Pollen tube growth down the style in pistils of (A) well-watered (WW) Rupali chickpeas pollinated with pollen from WW plants (WW+WW); (B) WW plants pollinated with pollen from water-stressed (WS) plants (WW+WS); (C) WS plants pollinated with pollen from WW (WW+WS); and (D) WS plants pollinated with pollen from WS plants (WS+WS) in Experiment 2. Styles were harvested when the predawn leaf water potential of WS plants was –1.2 MPa and then fixed 24 h later and stained with aniline blue.

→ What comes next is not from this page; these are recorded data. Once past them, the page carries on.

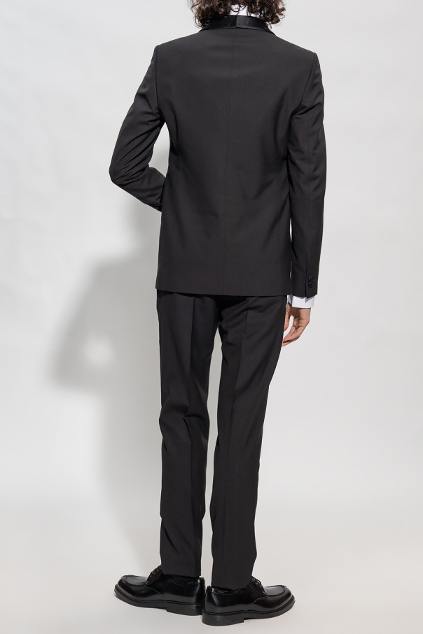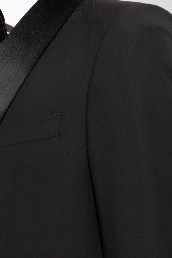 Black suit from Emporio Armani. Made of a wool and silk blend. The blazer fastens with a button and features three slip pockets, shawl lapels and a pinstripe pattern. The pleat-front trousers feature a zip and hook fastening as well as four pockets.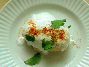 5. ಮೊಸರನ್ನು ಚೆನ್ನಾಗಿ ಕದಡಿ ಗರಂ ಮಸಾಲ, ಉಪ್ಪು ಮತ್ತು ಕೆಂಪು ಮೆಣಸಿನ ಪುಡಿ ಹಾಕಬೇಕು. ಇದನ್ನು ವಡೆ ಮೇಲೆ ಸುರಿದು ಹುಣಸೆ ಹಣ್ಣಿನ ರಸವನ್ನು ಅದರ ಮೇಲೆ ಚಿಮುಕಿಸಬೇಕು.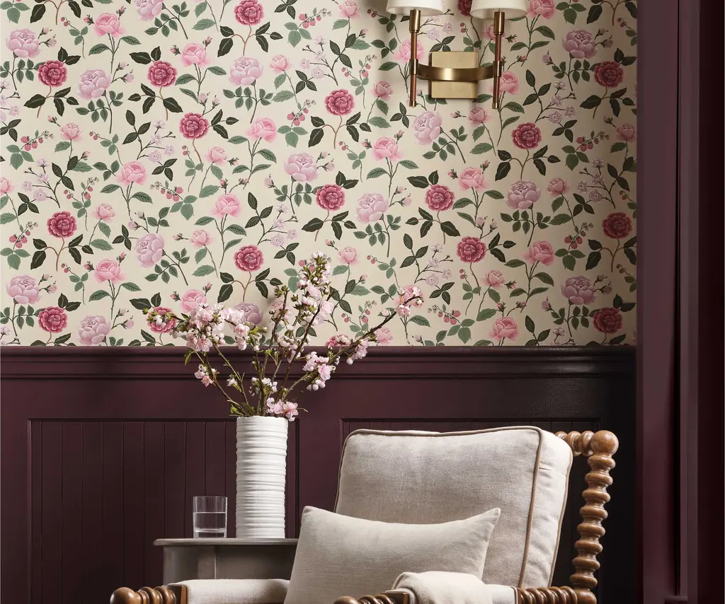 8" x 10" sample of our Roses wallpaper.Inspired by vintage botanical drawings, Roses is a timeless pattern filled with layered details, classic colors, and playful stems of raspberries. This wallpaper is gravure printed and comes in 27 inch rolls with a 24 inch repeat.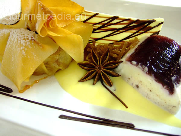 Sachet of strudel pastry stuffed with quince apple on star anise sauce and chestnut parfait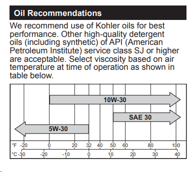 lynnmor 8,077 #14 Posted 5 hours ago SAE 30 detergent oil above 32 degrees, 10W-30 below. I use Kohler oil since all automotive oils have been altered to suit the emissions control parts. 1 Share this post Link to post Share on other sites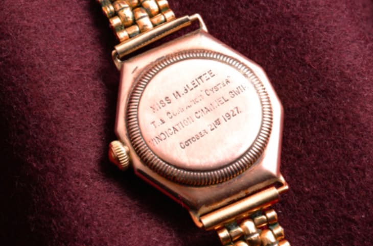 ▲手表底盖鐫刻「1927年10月21日」及佩戴者姓名,完整纪录「雪耻之游」的历史时刻。Source:Sotheby's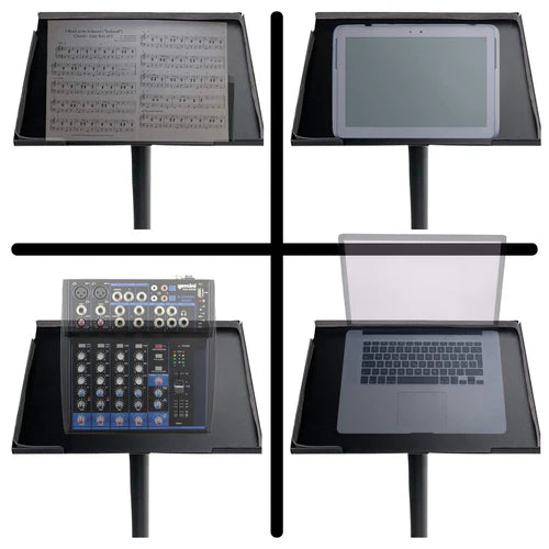 Gemini's PST-01 is truly jack of all trades when it comes to music stands. Whether it be a laptop, projector, sheet music, controller, turntable, MDJ etc. this is the stand for you. With the built-in adjustment pin, the PST-01 will stay where you set it, no matter how much movement. The PST-01 is also made with high class steel, so needless to say: this stand is both durable and dependable.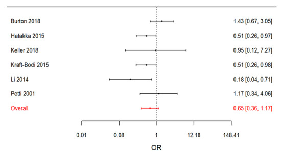 Rane et al. (2008) [61] reported the results of separated analyses conducted on three different samples of different age (50–59, 60–69, ≥70 years). A fixed-effects meta-analysis was performed on the three results in order to obtain an overall combined estimate and the corresponding standard error.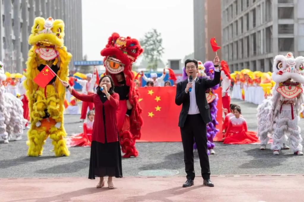 舞狮醒盛世,鼓声震乾坤,龙舞翩跹,宛若流水行云,腰鼓声声,激昂高亢,龙狮腰鼓表演队员翻腾起舞,精彩的表演迎来了一片喝彩。

Scale bar=50 μm. (This figure is available in colour at JXB online.)

Fig. 9.

Change in seed size on primary branches with time after podding in Rupali (A, B) and Almaz (C, D) chickpeas in well-watered (A, C) and water-stressed treatments (B, D) in Experiment 1. Note change of scale of y-axis in (C) and (D) from that in (A) and (B).

Fig. 10.

Change with time after imposition of treatments (Day 0=78 DAS) in (A) seed biomass, (B) above-ground vegetative biomass (sum of leaf, pod, and stem), and (C) root biomass of Rupali and Almaz chickpeas in well-watered (WW) and water-stressed (WS) treatments in Experiment 1. Values are means ±SE (n=4).